Seminar in PSA 107

ABSTRACT

Title:  Chaos or numerical errors?

By:    Lun-Shin Yao, Department of Mechanical and Aerospace Engineering, Arizona State University, Tempe, Arizona

Discrete numerical methods with finite time steps are probably the most practical technique, if not the only one, to solve non-linear differential equations. This is particularly true for chaos. Using the Lorenz equations as an example, we clearly demonstrate that a trajectory mistakenly penetrates the virtual separatrix due to finite time steps and truncation errors. This leads to the explosive growth of numerical errors; hence, these computed "solutions" are unshadowable and are not valid solutions. This is generic for chaotic systems and occurs repeatedly since the l-lemma guarantees a trajectory travels arbitrarily close to the inset of a saddle point over and over again.
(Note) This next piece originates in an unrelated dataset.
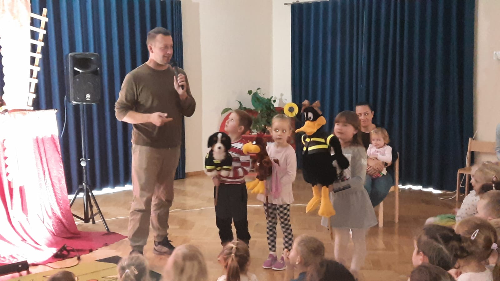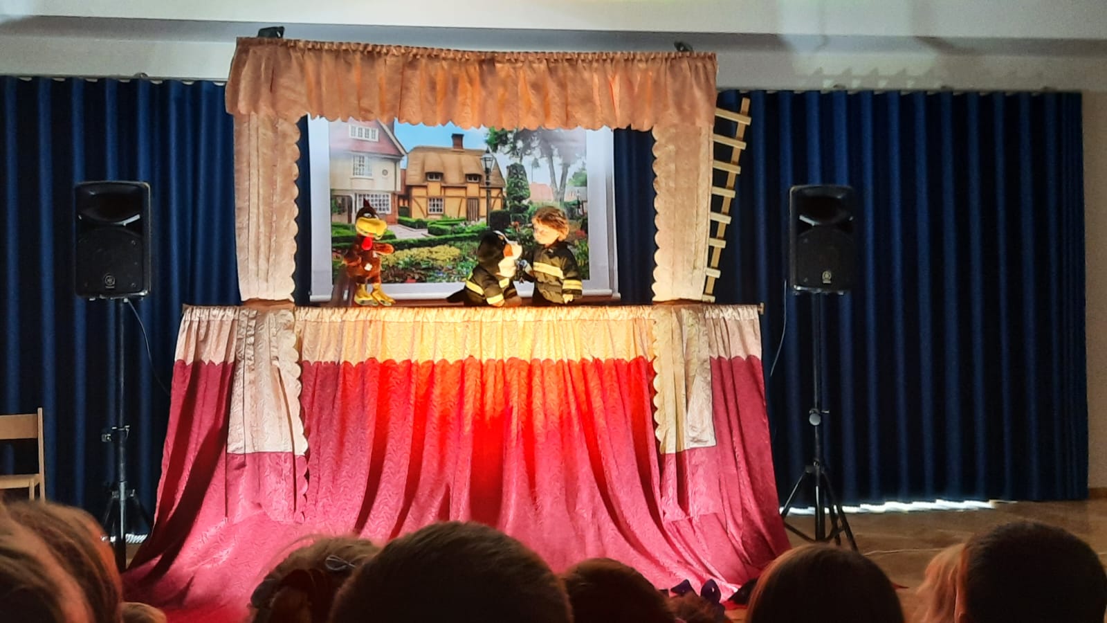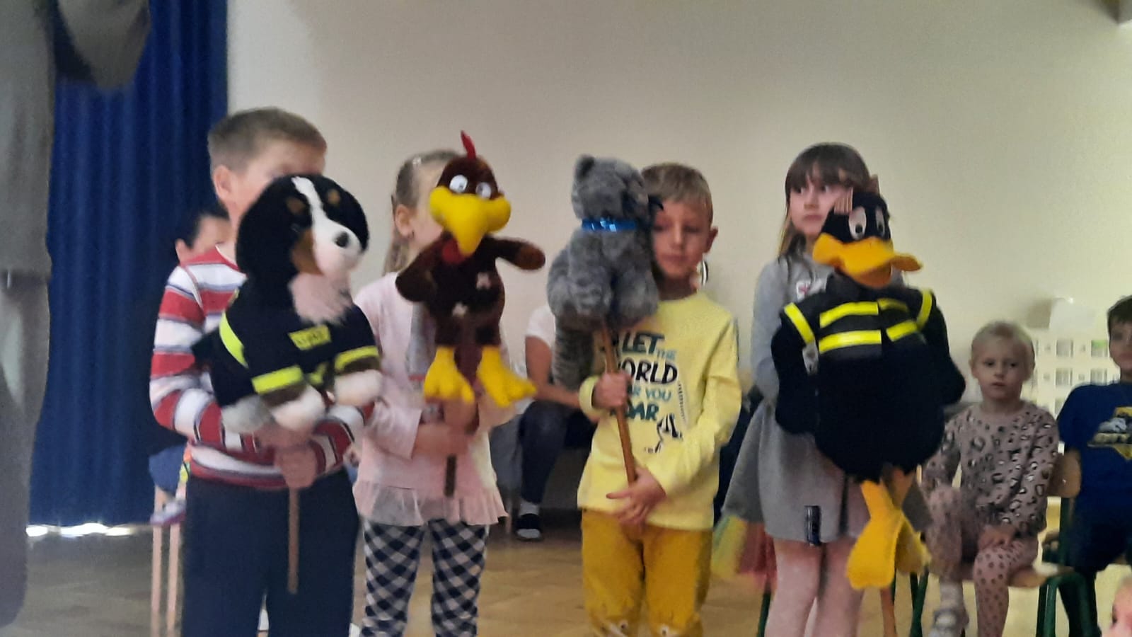 20 października 2023 r. w naszym przedszkolu gościliśmy Teatr Lalek ART CINEMA z Nowego Sącza ze spektaklem „O Maciusiu Strażaku”. Była to bajka profilaktyczna o tym, jak zachować się w obliczu zagrożenia. Główny bohater – Maciuś chciał zostać strażakiem. Aby spełnić swe marzenia otrzymał od Pana Naczelnika strażacki topór, mundur, pas i kask oraz musiał poszukać dzielnych ochotników. Wesoła drużyna Maćka w składzie: kot, kogut, pies i kaczka uczyła dzieci, jak obchodzić się z ogniem i wodą. Dzieci dowiedziały się, że nie wolno bawić się zapałkami, wchodzić do wody bez opieki dorosłych, utrwaliły wspólnie numery alarmowe. Po zakończeniu występu dzieci nagrodziły aktorów głośnymi brawami.

Hence, numerical solutions of differential equations sensitive to the integration-time step with finite statistical properties are divergent, bounded numerical errors. At present, all numerical methods introduce truncation errors; consequently, they are incapable of solving chaotic differential equations. The convergence of these numerical chaotic solutions has never been proven. Realistically, it cannot be proven; nevertheless, it is common practice, perhaps out of convenience and for lack of an alternative, to blindly accept them as adequate solutions to these problems!